INSTRUCTIONS FOR THE TASK: Beginning with the line that contains "حوّل تنظيم مطبخك", print each line to the end of the data exactly. Omit the pictures.

MATERIAL PROVIDED:
******

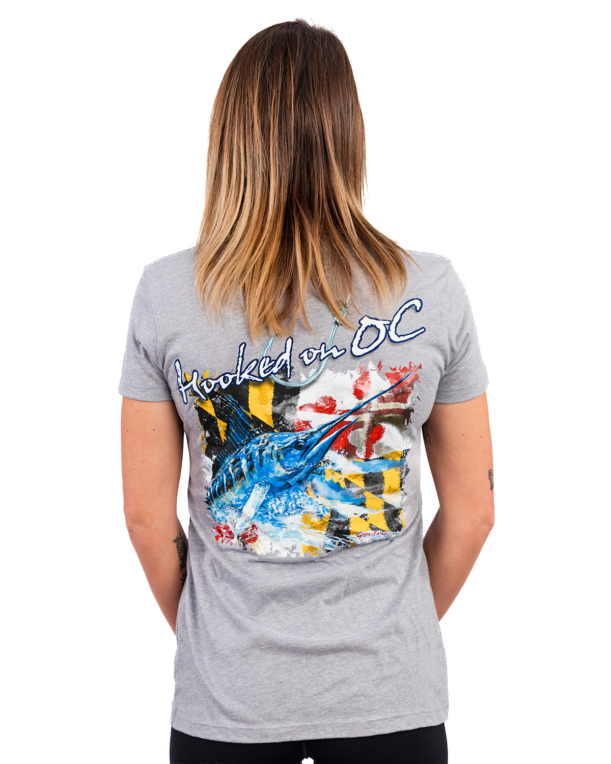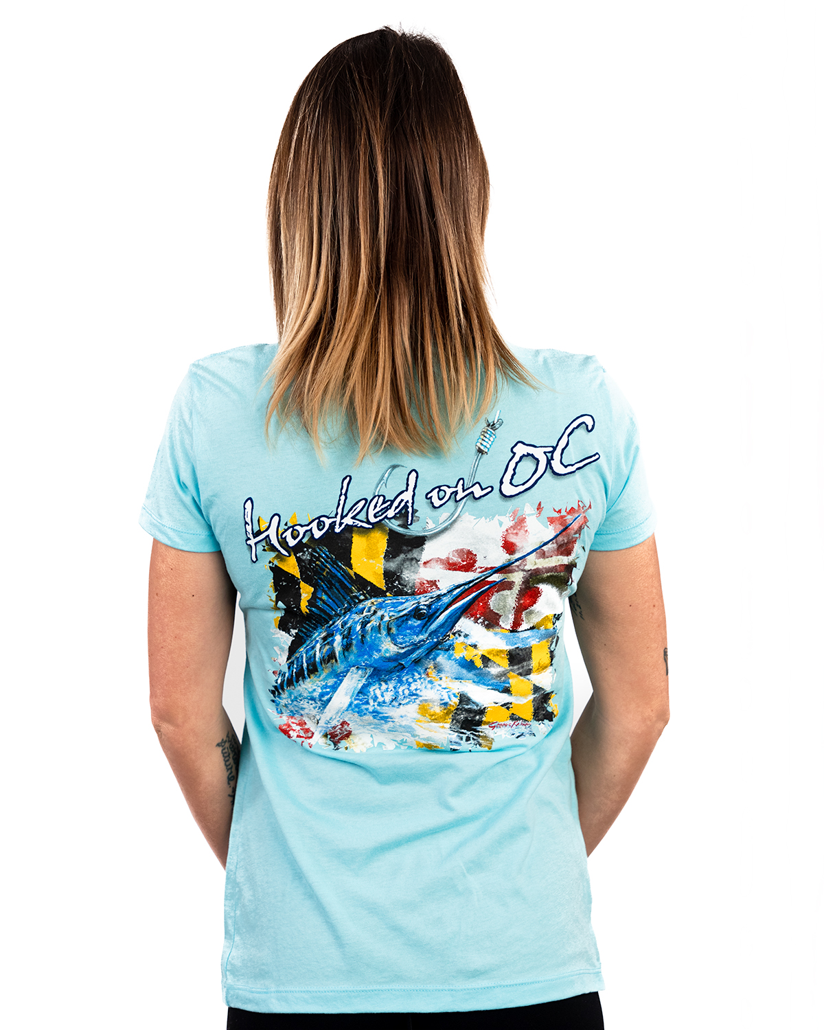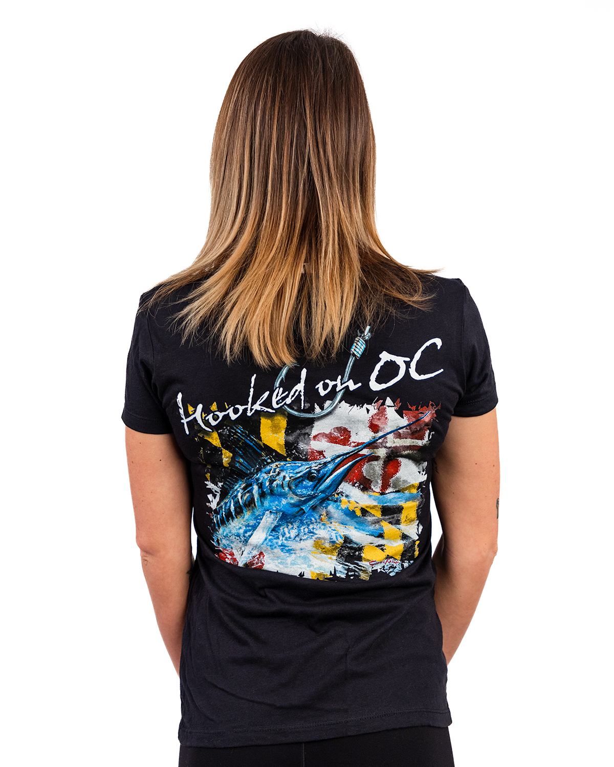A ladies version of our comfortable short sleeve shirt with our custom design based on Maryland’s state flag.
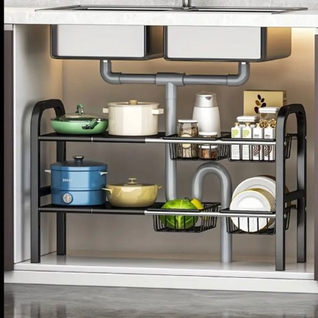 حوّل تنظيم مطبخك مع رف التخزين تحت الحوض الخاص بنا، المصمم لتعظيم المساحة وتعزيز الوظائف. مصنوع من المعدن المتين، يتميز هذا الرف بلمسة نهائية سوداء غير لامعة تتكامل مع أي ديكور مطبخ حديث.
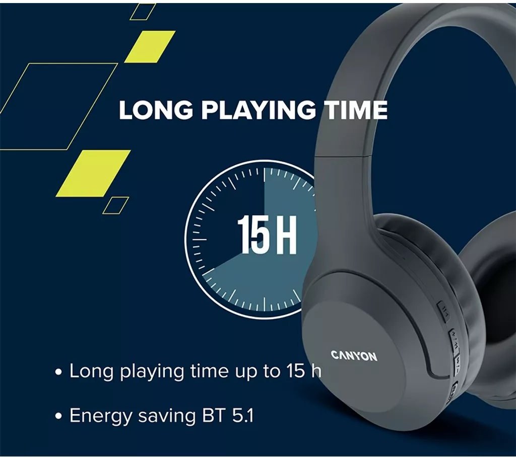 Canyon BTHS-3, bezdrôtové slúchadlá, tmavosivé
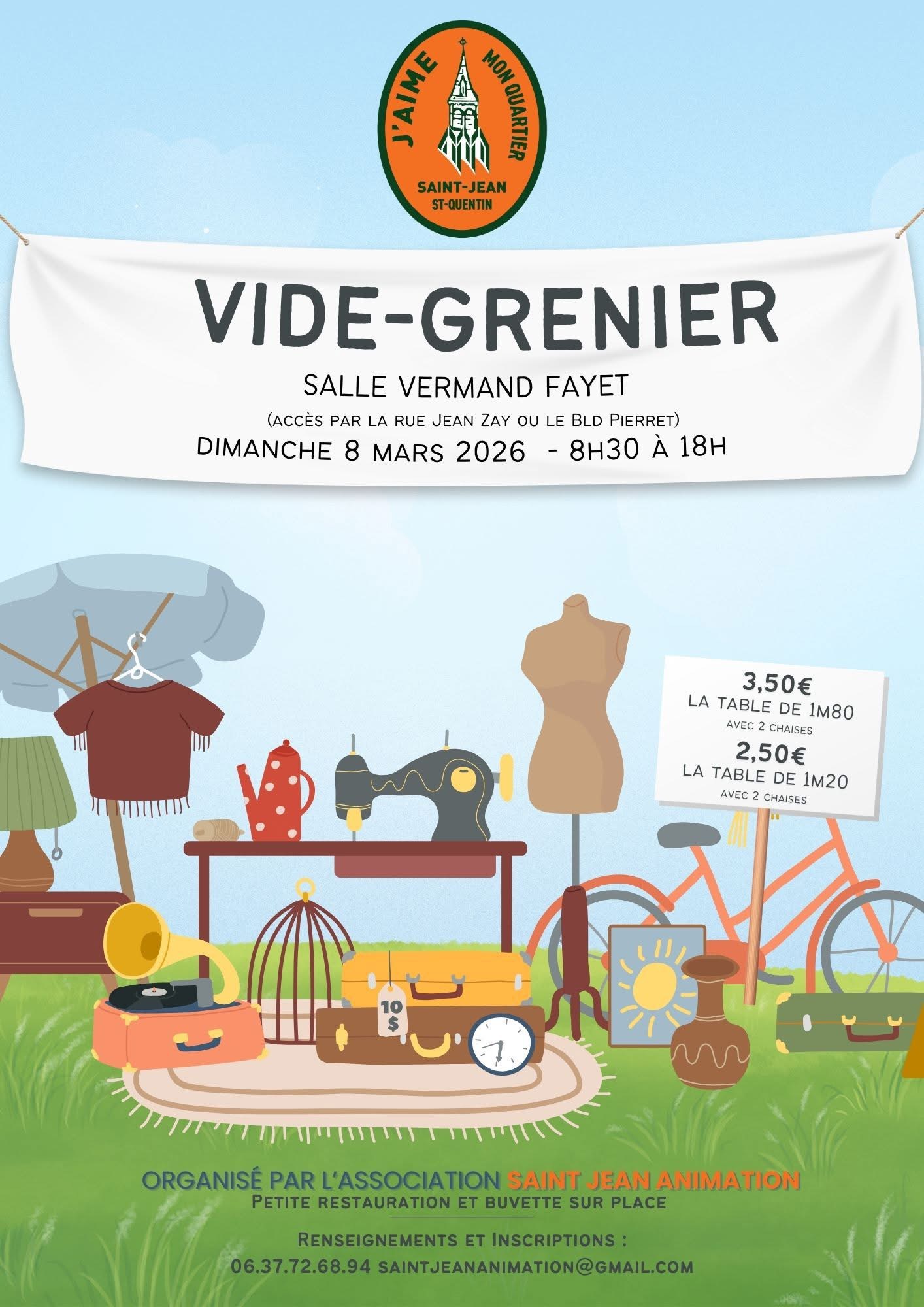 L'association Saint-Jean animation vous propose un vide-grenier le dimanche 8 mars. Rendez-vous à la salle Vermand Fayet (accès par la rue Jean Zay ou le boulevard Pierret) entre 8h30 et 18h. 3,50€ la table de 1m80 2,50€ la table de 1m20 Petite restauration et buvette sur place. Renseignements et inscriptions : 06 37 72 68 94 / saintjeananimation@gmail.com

******

RESPONSE TO THE TASK:
 حوّل تنظيم مطبخك مع رف التخزين تحت الحوض الخاص بنا، المصمم لتعظيم المساحة وتعزيز الوظائف. مصنوع من المعدن المتين، يتميز هذا الرف بلمسة نهائية سوداء غير لامعة تتكامل مع أي ديكور مطبخ حديث.
 Canyon BTHS-3, bezdrôtové slúchadlá, tmavosivé
 L'association Saint-Jean animation vous propose un vide-grenier le dimanche 8 mars. Rendez-vous à la salle Vermand Fayet (accès par la rue Jean Zay ou le boulevard Pierret) entre 8h30 et 18h. 3,50€ la table de 1m80 2,50€ la table de 1m20 Petite restauration et buvette sur place. Renseignements et inscriptions : 06 37 72 68 94 / saintjeananimation@gmail.com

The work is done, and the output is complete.